Titled “When It Comes to Picnics,” the final variation in When We Have Sufficiently Tortured Each Other opens as follows:
Woman (smiles): What?
Man (smiles): Oh – just about this picnic.
Man: Nothing, nothing – it’s simply that whenever we have a picnic I make all the food and I also get the children ready. It takes me quite a lot of time and of course I’m not saying I’m resentful but for some reason I get the impression I’m being judged.
Is Crimp satirizing the typically female “emotional labor” argument, or destabilizing its certainties by showing the interchangeability of the parts with a view to breaking down the gendered division of labor? Hard to say. He certainly isn’t depicting an unnamed couple who have reversed the conventional gender roles. It’s just that in the idiom he’s developed over many years of writing for the theater, words tend to get allocated in unexpected ways. Here, Woman is “playing” Man and Man takes on Woman’s role. In Crimp’s earlier play Attempts on Her Life (1997), lines aren’t attributed to individual characters at all, and the playwright only instructs that it’s “a piece for a company of actors whose composition should reflect the composition of the world beyond the theatre;” in the script for The Country (2000), which casts three actors in the parts of Richard, Corinne and Rebecca, speeches aren’t assigned to named characters, although it is always clear whose words they must be.
Crimp likes to make his audiences more rather than less aware that role and character need not remain consistently aligned, and one riveting strand of the play’s spectacle involves watching the roles of Man and Woman pass back and forth between Stephen Dillane and Cate Blanchett, with shifts signaled by exchanges of clothing (the well-tailored suit, the French maid’s outfit with its pornographic associations) as well as by an actor picking up a mode of speech and body language we have learned to associate with their character’s cross-gender counterpart. Blanchett’s rangy height and lean, broad-shouldered figure are particularly effective here, and so is the magic of the transition of her voice and demeanor into that of Dillane’s Man, an unpleasantly privileged member of Britain’s elite whose accent and delivery would cause most of us to bristle if we encountered him in real life.

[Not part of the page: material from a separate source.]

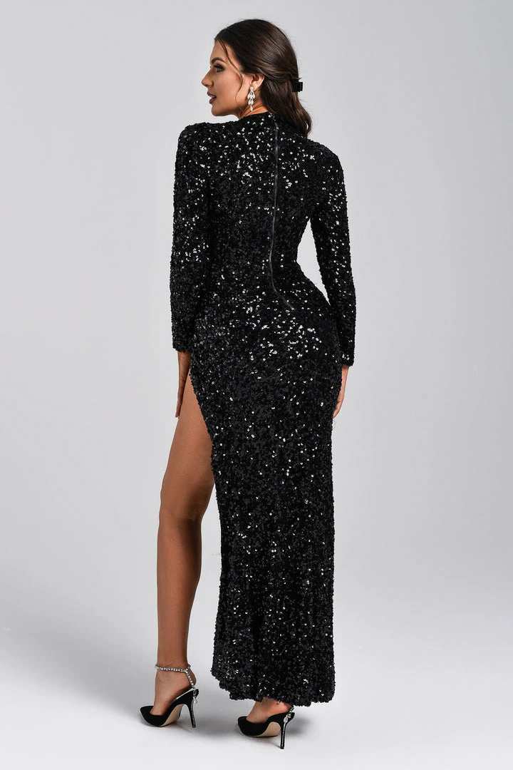 The sequin long sleeve dress is sure to wow the crowd at your next special event! The dress is adorn in sequin and features irregular mesh splicing, which highlight your sexiness and charm. Pair with long earrings and high heels and head out for the night! Easy put on/off. Hidden back zipper/clasp.

When word of this production started to spread in one of my preferred little corners of the internet, which is to say the Facebook group called Eighteenth-Century Questions Online (it includes close to eight hundred scholars interested in the literature and culture of eighteenth-century Britain), the idea that a major contemporary playwright was actually writing an adaptation of Richardson’s novel about a servant whose master sexually threatens her seemed literally incredible. Many of us teach this novel regularly, and write about it, but it can’t be said to have much of a following in the world at large; we knew we all desperately wanted to see it, but we didn’t figure there would be a serious run on tickets.
That all changed when the National Theatre announced that Blanchett would play the female lead, rendering my subsequent blundering attempts to obtain a ticket almost comically ineffectual. The show was scheduled for the Dorfman, the National Theatre’s smallest stage, and audience interest far exceeded the organization’s projections. First they announced that aspiring audience members would have to enter a lottery even to get the opportunity to purchase a pair of tickets, and the odds of that lottery were tough enough that neither I nor any of my other eighteenth-centuryist colleagues got tickets through it; press tickets (yes, I tried!) were reserved for national media exclusively; and when I checked in January, just after the show opened, all the online swap sites were full of people desperately begging for tickets, with not a single one up for grabs.
I was going to London anyway. I was halfway through a year in Paris as a research fellow at Columbia University’s new Institute for Ideas and Imagination, and I needed to examine the manuscript drafts of the memoirs of the historian Edward Gibbon at the British Library as well as visiting the Imperial War Museum to photograph two hand-made posters my Scottish grandfather created to advertise the theatrical productions he produced (admission: one cigarette) in the Italian prisoner-of-war camp to which he was transferred after having been captured at Tobruk. I thought it was still worth making the attempt to get day tickets for Crimp’s play, as the theatre sets aside about forty for each performance. Because I am a true obsessive with an unusual degree of persistence, I went so far as to book myself into the Premier Inn near Waterloo, as opposed to its more convenient Kings Cross counterpart, so that if I had to go and wait in line more than once it would not be too gruesomely horrible to drag myself out of bed in the dark hours of the morning and over to the box office on the South Bank.
So the box office only opened at 9:30am. How early would I need to be there? I am clearly too old to go and wait really early, 3:30 or 4am early, but further internet delving (the show was now in the third week of its run, with media coverage mainly centering on the fact that the production had so much blood and guts that an audience member had fainted the first week) suggested that as long as I claimed a place in the queue before eight, I would probably be OK. It was a cold rainy morning, and though anxiety woke me up around 6:45, it was at least an hour later before I actually joined the line of seven or eight wielding propitiatory black umbrellas and silver thermoses. At this juncture, I relaxed a little, and I calmed down even more at eight when the security guard unexpectedly let us into the building.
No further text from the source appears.